A key thrust of the GII and GIS is e-commerce. A significant decision was made on e-commerce by the WTO in providing temporarily in 1998 that e-commerce transmissions should be free of customs duties. This was continued at Doha and a WTO work programme intends to consider aspects of e-commerce including implications for developing countries. Some argue that e-commerce provides possibilities for developing countries to leapfrog by not having to undergo the costs of earlier technology. Examples are occasionally cited of positive aspects of ecommerce for developing countries such as the purchase by a German woman of a bicycle from Sri Lanka on the Internet . A more important phenomenon is the growing development of trade in “back office” services such as data entry and call centres, which can make a strong contribution to the export trade of high-skilled developing countries such as India.21 On the other hand, significant participation in

e-commerce is only possible if there is a sufficient infrastructure to enable ecommerce. This includes the availability at low cost of hardware and software, a suitable low cost communications system for linkage to Internet, including a reliable power supply and electronic transactions systems to enable payments by credit cards and foreign exchange transactions and an appropriate level of personnel to operate the system. In this respect, only the NICs, which have the capacity to invest in infrastructure, are capable of taking reasonable advantage of the potential of e-commerce. The other developing countries, particularly the poor ones, are likely to suffer in the absence of significant funding for infrastructure development.

A second issue is whether the type of e-commerce services in which developing countries have a comparative advantage are provided access by developed countries in their schedules under GATS. Until recently liberalisation commitments in relation to services have largely been in areas where developed countries are exporters and developing countries importers.22 In principle, the reformed regulatory regime may not enable the theoretical advantages of e-commerce to be obtained by any but a small group of developing countries. At the same time, it may expose their markets to services from developed countries, creating difficulties for customs revenue and balance of payments as well as leading to losses and decline of their own service sectors.

A similar argument about technology transfer can be made about the consequences of the Agreement on Trade Related Intellectual Property Rights

(TRIPS). Hardware and software patents and software and information copyright have become crucial new forms of intellectual property in recent years. The agreement is an apparently protectionist measure entrenching intellectual property rights, which are claimed overwhelmingly by trans- national corporations, and denying access to technological knowledge and preventing innovation, especially by small players and by developing countries. However, TRIPS was justified by the WTO on the grounds it sought a balance between the “the short-term interests in maximizing access and the long-term interests in promoting creativity and innovation.”[23]

Under Art. 7, its objectives are to promote technological innovation, transfer and dissemination, the mutual advantage of producers and users, social and economic welfare and a balance between rights and obligations.
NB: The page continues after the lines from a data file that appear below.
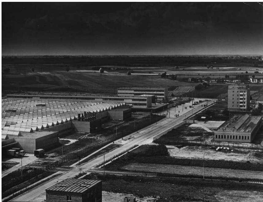
Fot. 3. WZO Polania po zakończeniu budowy. Autor fot. nieznanym. Zdjęcie wykonane w 1972 r.; APP OG, Fotografie „Głosu załogi”, sygn. 99.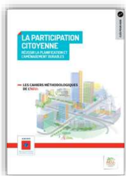
La participation citoyenne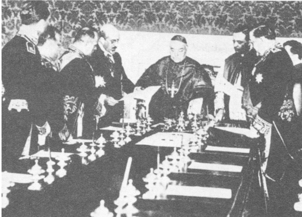
Immagine 2: Sottoscrizione dei Patti Lateranensi

In the absence of protection, corporations would be unwilling to trade or transfer technology.24 As Trebilcock and Howse indicate, neoclassical trade theory does not support the case for a global increase in welfare as

a consequence of strong intellectual property protection. This is because for some countries the comparative advantage may lie in innovation and for others in imitation and adaptation of others’ innovations. In the circumstances, strong protection will advantage the innovators but disadvantage the imitators both in developed and developing countries. Furthermore, stronger intellectual property rights will have a tendency to raise prices of goods and services using those rights. Overall they suggest, relying on Maskus, that global welfare would suffer through increased intellectual property protection.25 In the circumstances, US insistence on stronger protection was not so much calculated to promote global welfare as to protect the interests of major US firms, which were responsible, in collaboration with the USTR and the OECD, for developing and promoting

TRIPS.26 The beneficial effects for US firms and the US economy of TRIPS and other developments in intellectual property can be observed in the positive correlation between the enactment of intellectual property protection in countries and the increase in US exports to those countries.[27]

In an era of corporate globalisation, arguments about intellectual property protection go beyond simple issues of protection of innovation. The protection of intellectual property has always been about the trade- off between promoting innovation through remuneration of innovative development and promoting the spread of knowledge, research and development as a public good.
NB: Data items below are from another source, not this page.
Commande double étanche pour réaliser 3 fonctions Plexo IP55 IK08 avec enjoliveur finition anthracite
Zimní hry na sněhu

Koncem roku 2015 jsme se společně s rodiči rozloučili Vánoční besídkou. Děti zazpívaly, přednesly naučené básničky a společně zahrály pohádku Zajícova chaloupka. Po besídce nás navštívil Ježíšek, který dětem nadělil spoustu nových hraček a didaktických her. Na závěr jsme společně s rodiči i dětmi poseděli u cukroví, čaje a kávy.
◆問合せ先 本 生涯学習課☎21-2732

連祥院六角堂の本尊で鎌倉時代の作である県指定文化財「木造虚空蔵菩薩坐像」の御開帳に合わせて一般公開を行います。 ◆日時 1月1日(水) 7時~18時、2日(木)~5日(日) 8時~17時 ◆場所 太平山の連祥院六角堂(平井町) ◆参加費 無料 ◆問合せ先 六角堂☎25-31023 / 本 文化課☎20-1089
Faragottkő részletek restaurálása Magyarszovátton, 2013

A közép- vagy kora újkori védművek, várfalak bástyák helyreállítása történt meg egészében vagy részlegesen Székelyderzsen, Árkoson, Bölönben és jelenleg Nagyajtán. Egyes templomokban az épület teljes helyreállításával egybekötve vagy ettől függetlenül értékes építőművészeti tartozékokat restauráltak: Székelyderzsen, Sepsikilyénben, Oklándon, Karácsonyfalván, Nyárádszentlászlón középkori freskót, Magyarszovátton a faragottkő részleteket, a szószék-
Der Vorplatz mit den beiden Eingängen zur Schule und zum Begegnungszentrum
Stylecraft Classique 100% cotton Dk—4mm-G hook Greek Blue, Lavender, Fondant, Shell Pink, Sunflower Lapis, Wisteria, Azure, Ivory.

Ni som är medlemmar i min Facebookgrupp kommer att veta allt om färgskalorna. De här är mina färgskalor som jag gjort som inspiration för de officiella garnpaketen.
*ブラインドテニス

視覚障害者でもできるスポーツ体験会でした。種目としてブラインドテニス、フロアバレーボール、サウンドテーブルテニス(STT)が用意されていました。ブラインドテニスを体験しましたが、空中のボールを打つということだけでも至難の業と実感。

In essence TRIPS involves an attempt at global harmonisation of intellectual property in ways which make it difficult for any players other than global corporations to participate in effective use of innovations. This will either be because of the resources and effort required for obtaining patents on a worldwide basis or because of use of intellectual property laws to ensure that the limited monopoly they provide is made much more extensive by devices such as obtaining new patents as a result of slight changes in the patented product, complex combinations of a range of rights in a single innovative development in ways which make it difficult to involve others and which discourage reverse engineering through provision of insufficient information.

On the one hand, there are the advantages of global corporations as the most dynamic force in international economy. On the other is a new enclosure movement in which global commons in knowledge and innovative development are effectively monopolised by global corporations.28 A possible consequence for developing countries is that global corporations and small firms will spread research and development to them as part of their global operations in the new global division of labour, as is the case with the use of programmers in India and other countries.29 However, the extent to which there will be a real shift in research and developments

is not clear. The involvement of developing countries in research and development activities until now has largely been in low level activities such as data input and low level programming.30 A more likely consequence

is that developing countries are denied the path to development through imitative adaptation of technologies which enabled Japanese and South Korean acceleration of development. A further consequence may be that as the world of innovation is cast in the multi-national mould, all forms of innovative activity, such as small firm and alternative technology-based

development, are undermined or taken over and substituted by the new multinational culture.[31]

More significantly for developing countries and all those on the other side of the digital divide, they have put the cost of attaining the goods as well as the cost of developing or adapting technology-based products into

a dimension which results in unequal and inequitable participation in the diffusion and development of information technology.

Conclusions

This paper has suggested that concepts of digital divide can best be explained within the overall context of networks and relationships which connect with information technology and that such key contexts are provided by the processes of globalisation itself. Policies which promote amelioration of the divide will not be effective by themselves without consideration of the underlying dynamics of globalisation. In this respect, the regulatory environment which promotes unequal relationships enable corporate globalisation to take advantage of the same unequal relationships. For some countries, and more significantly specific individuals and groups within them, digital opportunities may be opened up by corporate globalisation. Countries which have the right circumstances such as India and South East Asian countries may also invest their way into fuller participation in global digitalisation. For example, India has recently announced a $3.7 billion digital investment program over the next four years.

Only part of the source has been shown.